A bespoke approach to meeting client goals

Shared from the 3/26/2021 The Age Digital Edition eEdition

This community-based NDIS provider tailors its services to the unique needs of the individual.

Joe Smith is a multi-talented musician. He plays drums, guitar and sings and each year during the ANZAC commemorations in Castlemaine you’ll spot him as lead drummer, or you may catch him in the Bendigo Scottish Marching Band.

He has other interests outside of music, playing pool, bowls and ten-pin bowling. He volunteers with the local radio station and he also works. It’s a full and busy life he leads and he loves being an active part of the community in central Victoria.

All of this has been made possible by Windarring, a community-based organisation committed to eliminating barriers to participation, inclusion and acceptance for people with disabilities in their local community.

“We’re centred around what the client wants to achieve in life,” says CEO Vicki Poxon. Helping clients access the NDIS, Windarring can then assist clients to get involved in fun activities, learning to do things on their own, gaining skills for independent living or getting job qualifications.

“Our clients’ goals are very varied and individualised,” says Poxon, adding that being one of the smaller services enables them to offer a more bespoke approach to meeting each client’s unique needs and desires. “So our role then is to make sure that we’re following those plans that the client wants, and that the client has input that they are achieving what they want to achieve,” she says.

To that end, Windarring employs a team of skilled and qualified disability support workers, who offer one-on-one support, group activities or a combination of both to individuals and their parents and carers in the Macedon Ranges, Mount Alexander shires and Kyneton, Castlemaine, Gisborne and Bendigo.

Joe Smith, one of their many success stories, is employed at the Castlemaine Recycle shop.

“I open the shop, I help serve customers and I set up the till and I help price the stock and put it in the shop,” he says. For him, the best thing about the job is the level of responsibility he now has because he’s mastered the point of sale system. “I can now teach other people how to use it, which is really good for me. It makes me say to myself that I’ve actually accomplished something,” he says.

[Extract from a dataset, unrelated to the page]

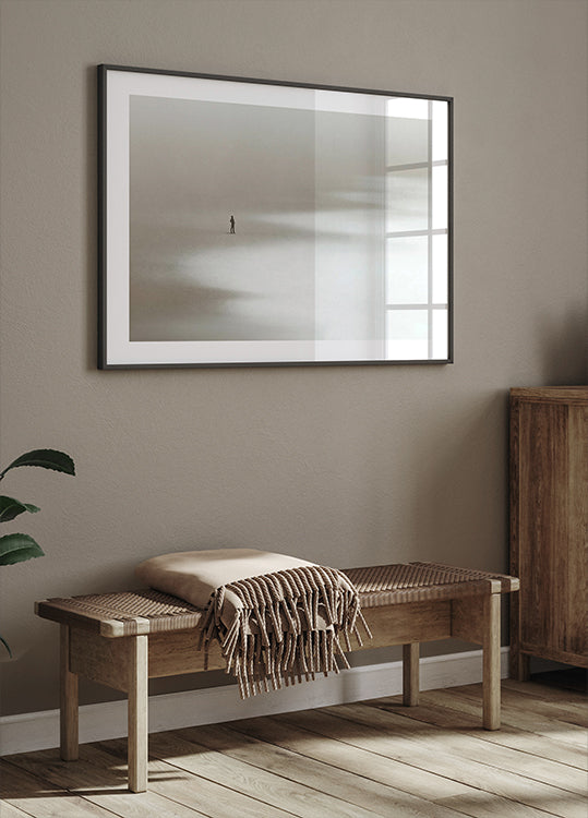 Osamělá osoba stojí nehybně na mlhavé pláži obklopená jemnými stíny. Snové a minimalistické dílo, které zprostředkovává klid, zamyšlení a sílu ticha.

“You really see those people blossom and enjoy life, and that’s the thing I love the most,” says Poxon. Providing not only useful but enjoyable experiences is high on their list, which is why their respite services range from the usual (an overnight stay in a house) to glamping and farmstays. “We also wanted to be able to provide some different opportunities,” she says.

“There’s a place in Bendigo, where they do animal and equine therapy and they have a unit where clients can stay with a support worker, so they can be involved with various aspects on the farm, if they want to, plus they’ve got five chihuahuas which is very cute, and guinea pigs and bunnies and a horse that can count to five,” she says.

Glamping usually takes place on their Kyneton site. “It’s an opportunity to be outside in a safe environment, and have a different type of overnight or weekend stay.”

Poxon says clients are also their peers, which means that the learning goes two ways. She recalls Joe telling her on more than one occasion that he really loves his life. “That’s had me thinking for quite a long time as to how do I make improvements to my own life to actually feel like that?”